Intense depolarized Rayleigh scattering in Raman spectra of acids caused by large proton polarizabilities of hydrogen bonds

Abstract

The depolarized Rayleigh scattering of liquid H2O and D2O and of aqueous solutions of HCl and DCl was studied as a function of concentration and temperature. This scattering is caused by time dependent changes of the anisotropy of the molecular polarizability. The scattering below 30 cm−1 is determined by a Lorentzian component. As shown in Ref. 1 with pure water, the scattering of this component is caused by the change of the molecular anisotropy of the polarizability due to breaking and formation of hydrogen bonds, whereby the mean lifetime of the hydrogen bonds determines the half-width. This mechanism is confirmed by our results obtained with pure liquid H2O and D2O. With the acid solutions, the intensity of the scattering of this Lorentzian increases strongly with increasing acid concentration. This intensity increase is caused by the large anisotropic proton polarizability of the hydrogen bond in the H5O2+ groupings. Thus, this intense scattering is in addition to the intense continua in the IR spectra, a second access to study proton polarizabilities of hydrogen bonds.

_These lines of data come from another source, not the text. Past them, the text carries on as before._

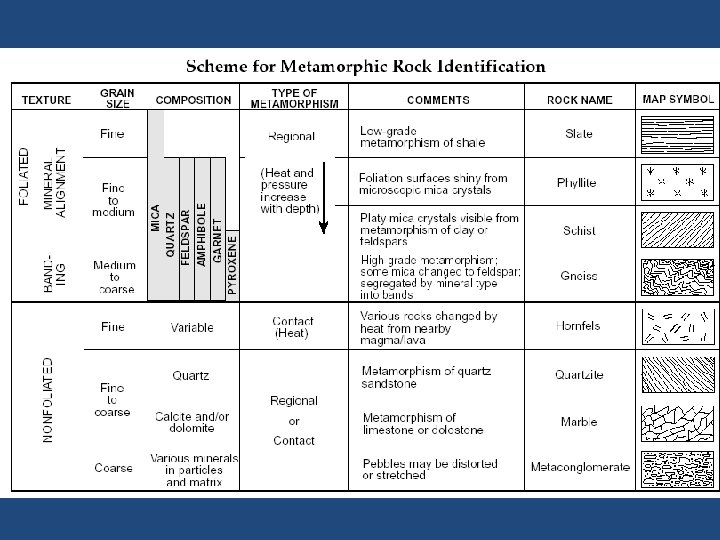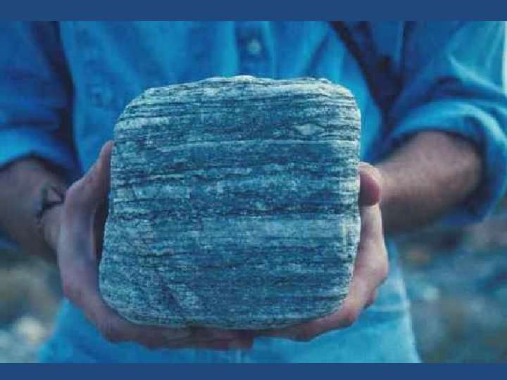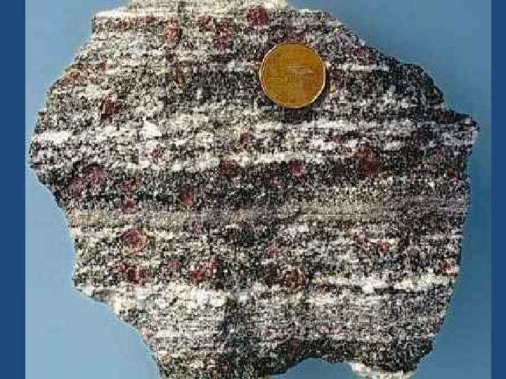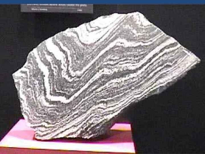 Minerals are aligned Banding, type of foliation with bands of white and black minerals Folded Layers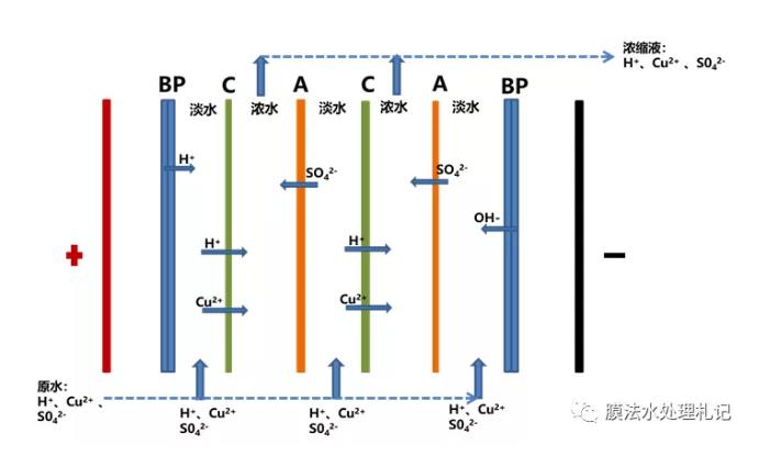 含有高濃度金屬離子的廢水系統(tǒng),對電滲析而言,往往是非常頭疼的事情。一方面部分金屬離子在系統(tǒng)中容易形成膠體,或者運(yùn)行過程中濃水和極水容易結(jié)垢,造成設(shè)備污堵;另一方面多價(jià)金屬離子容易進(jìn)入極水室,從而在陰極室被還原成金屬單質(zhì),從而降低電極板處理效率,且不易恢復(fù)。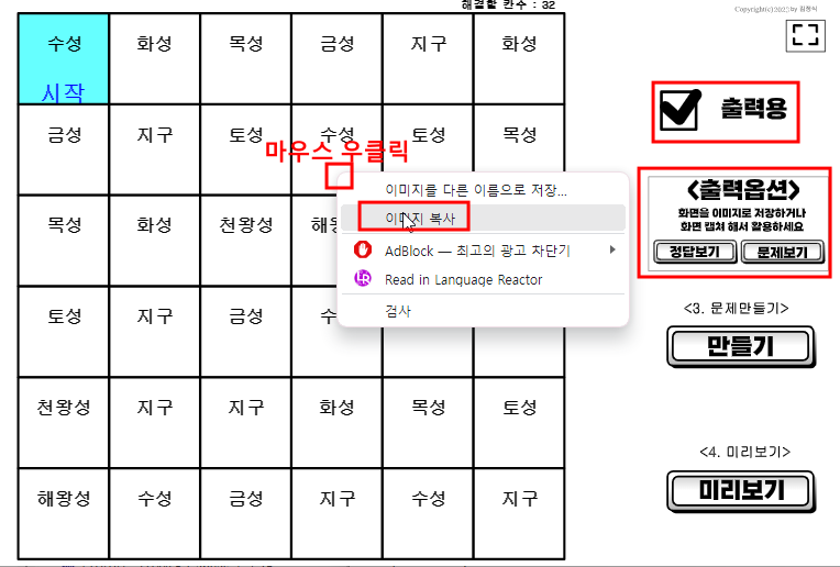 3. 출력용에 체크하면 출력용 버튼이 나온다. 이때 화면을 캡쳐하거나, 이미지 복사해서 한글 학습지에 넣어서 출력해 주면, 태블릿PC 없이 출력물을 가지고 게임을 진행할 수 있다.
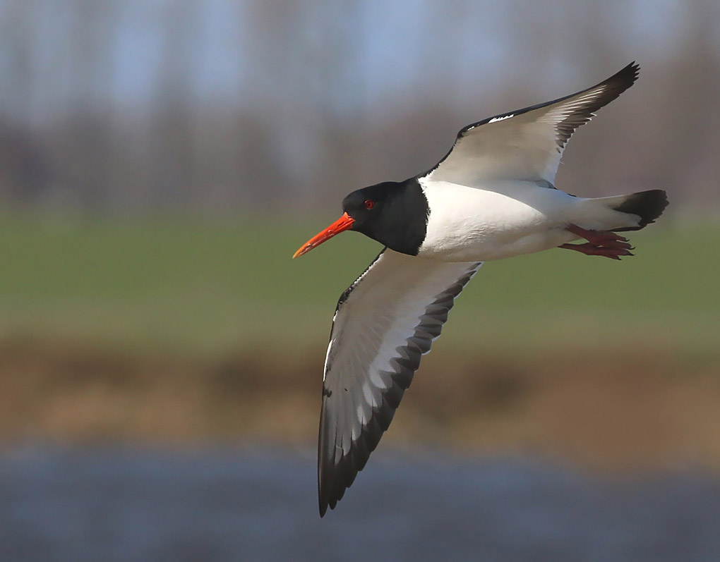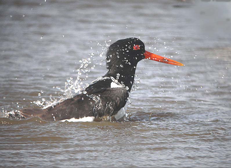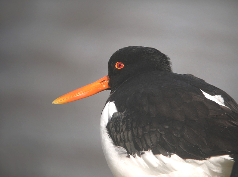 Allereerst maar eens een close-up, waarbij goed te zien is dat het oog van ‘Haematopus Ostralegus’ gewoon helderrrood is, iets wat we maar zelden zien bij vogelsoorten.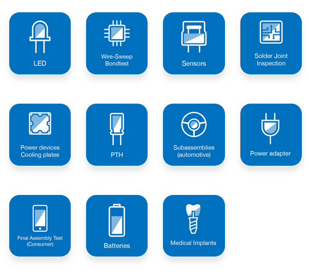 X# 平台系列是一個線上自動化X 射線系統,涵蓋了廣泛的AXI 應用。 平台高度靈活,可滿足不同領域的各種檢測需求。 檢測應用範圍從引線鍵合、大型SMT 板,高功率電子模組到成品的組裝檢查。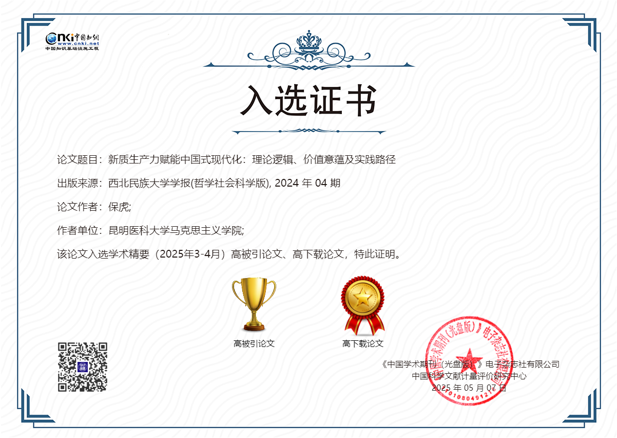 近日,中国知网《学术精要数据库》发布2011年以来的高影响力论文。beat365中文官方网站马克思主义学院教授保虎于2024年8月发表在西北民族大学学报(哲学社会科学版)的论文《新质生产力赋能中国式现代化:理论逻辑、价值意蕴及实践路径》,入选中国知网学术精要(2025年3—4月)高被引论文、高下载论文。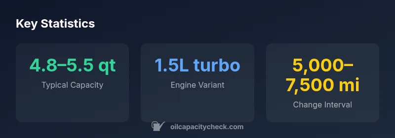 The 1.5L turbo typically holds about 4.8–5.0 quarts when performing an oil change with a new filter. Always verify against your exact engine code in the owner’s manual and your VIN data, as some variations may apply.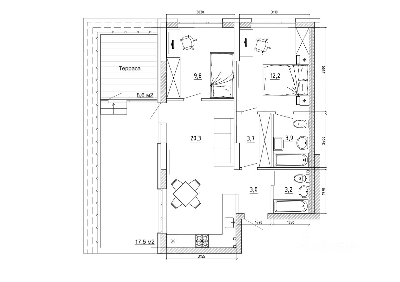 Жилая площадь53,8 м²
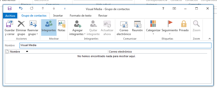 Aqui podremos ver los correos añadidos y procederemos a dar clic en el botón Guardar y cerrar. En nuestro ejemplo puede ver que el grupo Visual Media, ya esta creado.
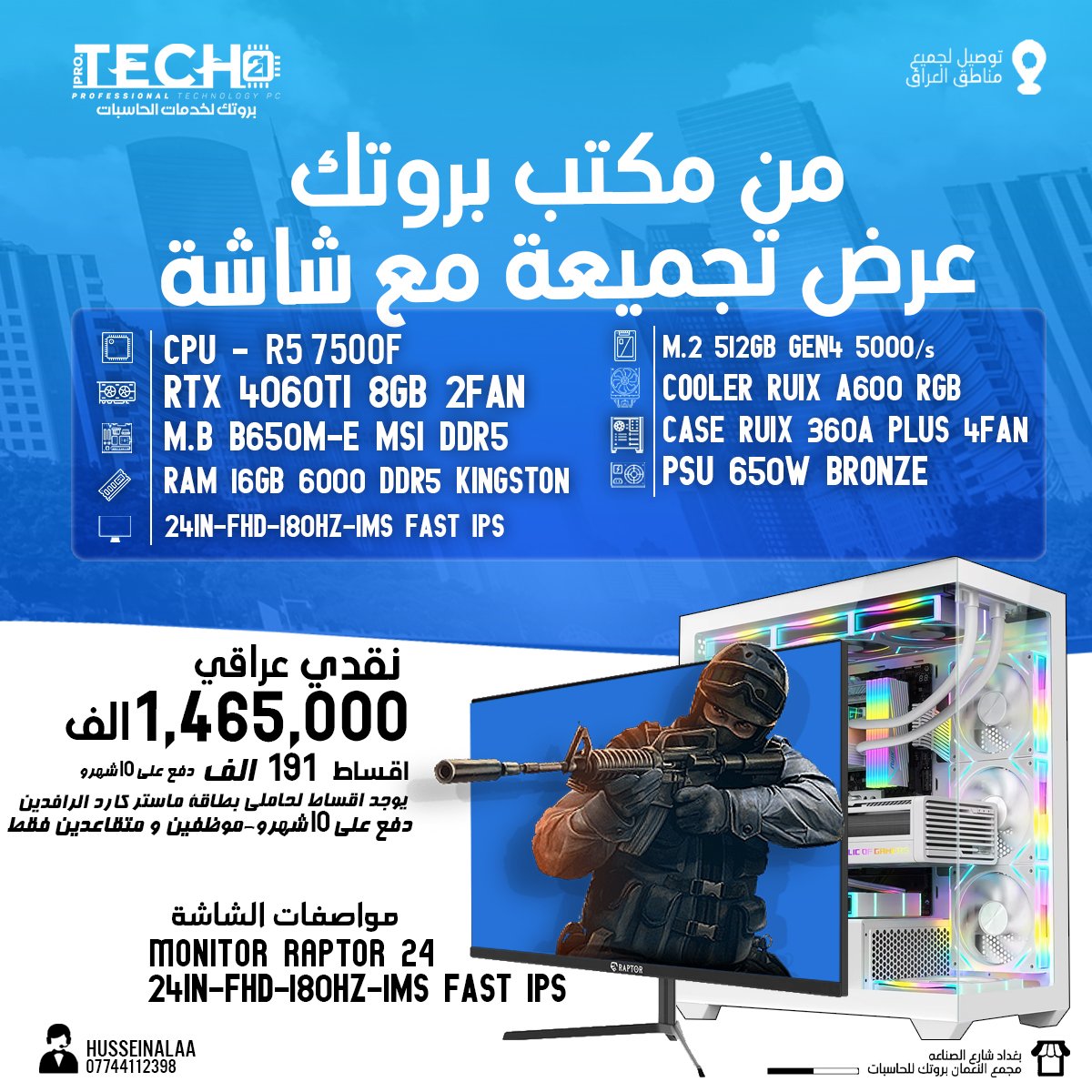 - كارت الشاشة (GPU): NVIDIA RTX 4060TI 8GB (2 FAN)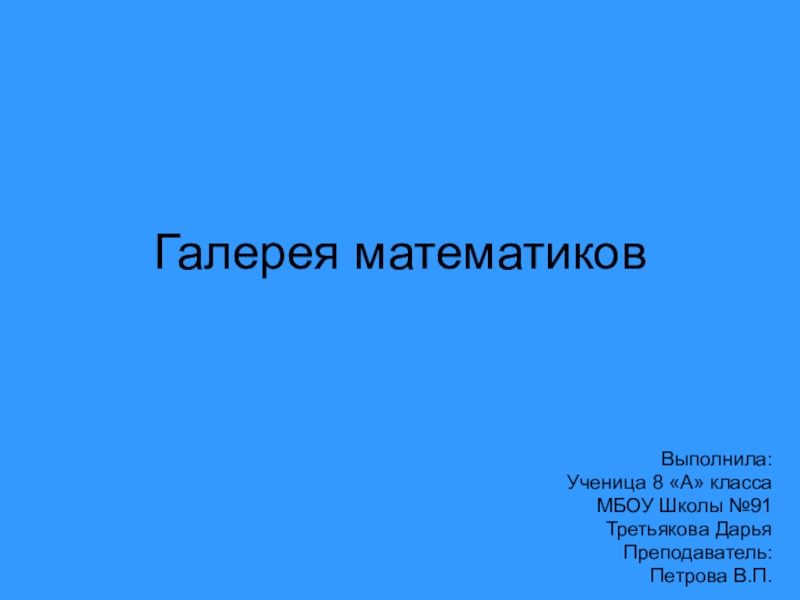 Галерея математиковВыполнила:Ученица 8 «А» классаМБОУ Школы №91Третьякова ДарьяПреподаватель:Петрова В.П.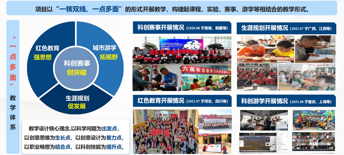 获奖项目《创课E站——乡村科创启蒙教育社会推广项目》,立足“教育振兴、科创兴才”的愿景,利用专业知识和公司学科特色,融合工程教育、智慧教育、创新教育的资源支撑,构建以科创教育现场教学服务为基础,辅以科创团队培养、教育信息化发展、创客教室建设、线上教学实践、特色课程定制等五大模块化配套服务的科创启蒙教育服务体系,勇做中国乡村科创启蒙教育的深耕者!项目先后开展科创教育1320余课时,覆盖9省15市180余个乡村6800余名青少年,累计建成8间乡村创客教室,收获了良好的社会效应,形成了稳定的特色发展路径,并受到各级领导的关心指导,被人民网、东方网等重要媒体报道30余次,获服务地感谢信20余件。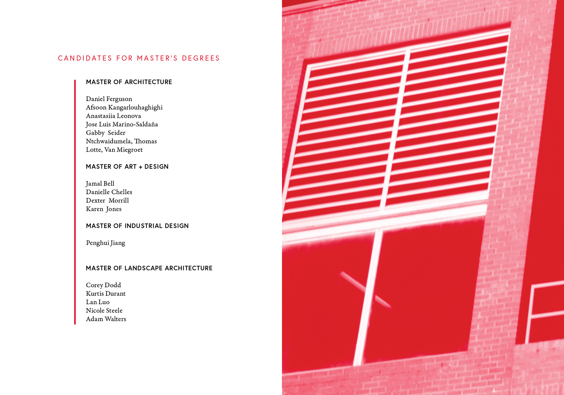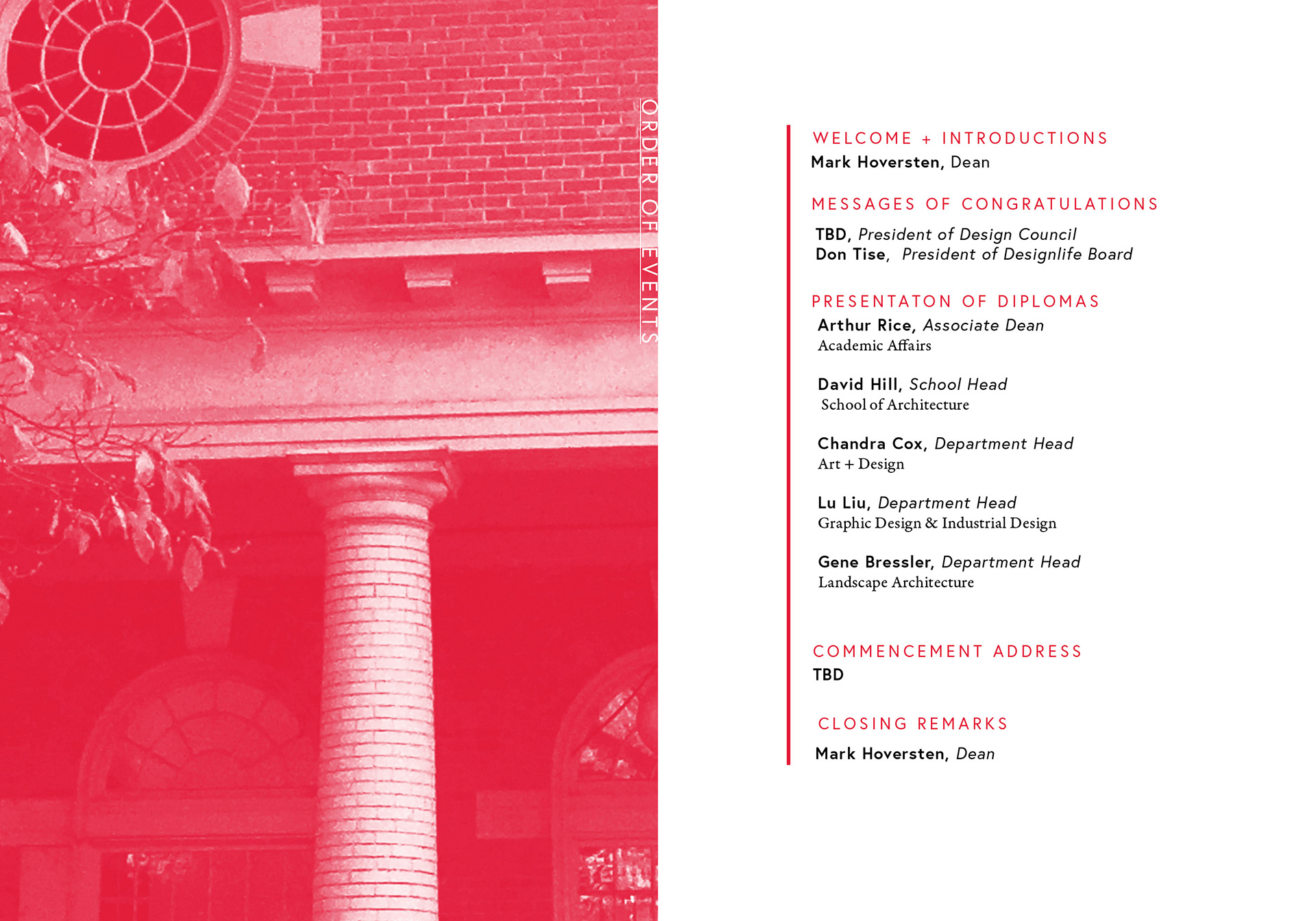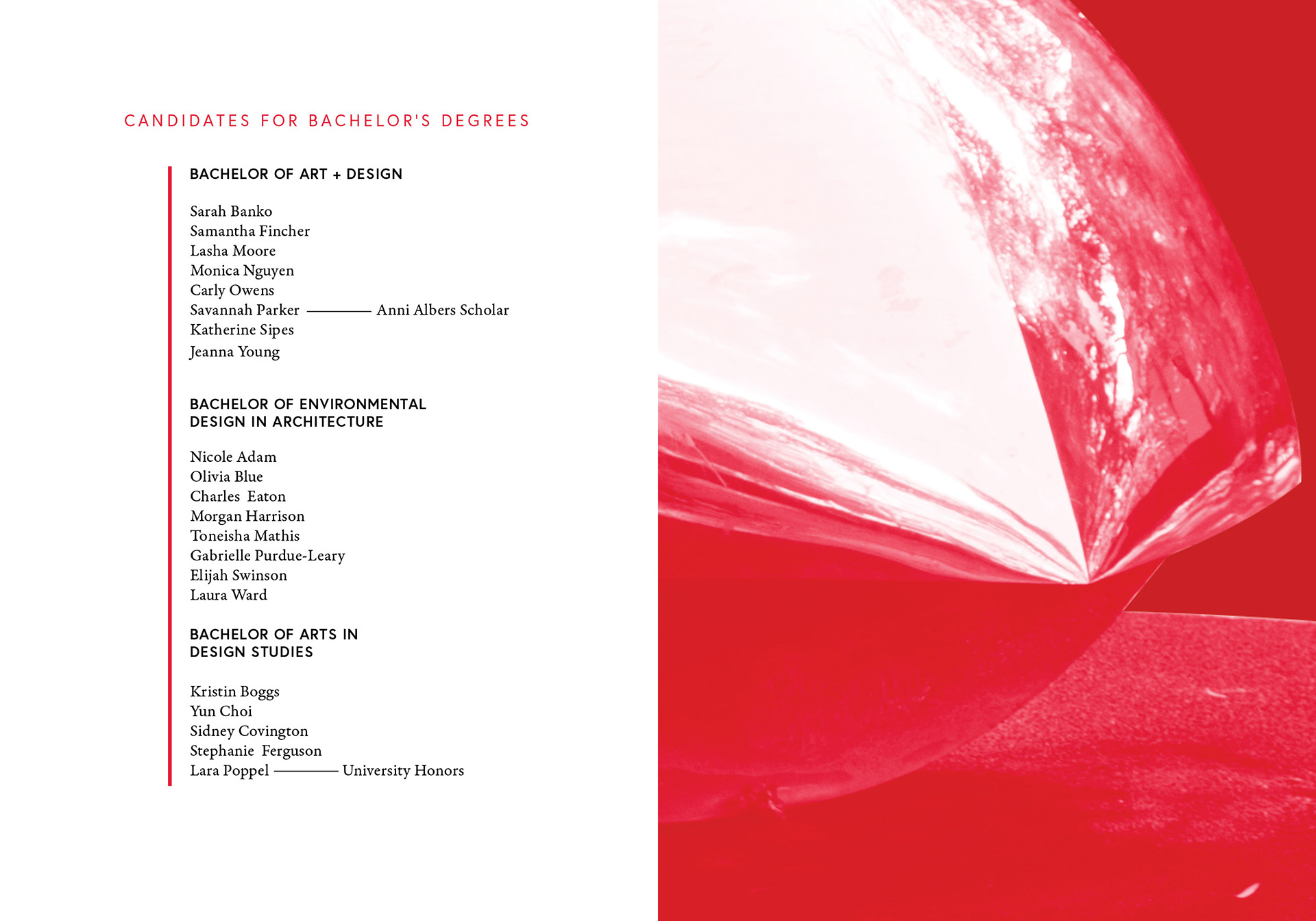 The fall 2017 graduate commencement program for the North Carolina State University's College of Design.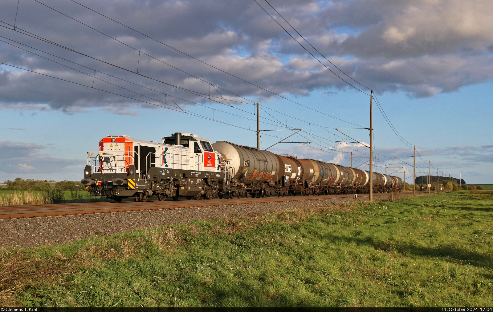 Kesselzug mit 4185 132-2 "Christa" (92 80 4185 132-2 D-NXRL | Vossloh DE 18) unterwegs bei Ovelgünne Richtung Helmstedt.

The time dependence of these proton polarizabilities is caused by changes of the local electrical fields due to breaking and formation of hydrogen bonds in the neighborhood of the H5O2+ groupings and therefore determined by the mean lifetime of these bonds. The half-width of this Lorentzian becomes smaller with increasing acid concentration, indicating a larger mean lifetime of the hydrogen bonds in the neighborhood of the H5O2+ groupings. From the fact that the scattering intensity in the DCl solutions is less than in the HCl solutions, it is concluded that the easily polarizable hydrogen bonds are already considerably polarized by their polar environments.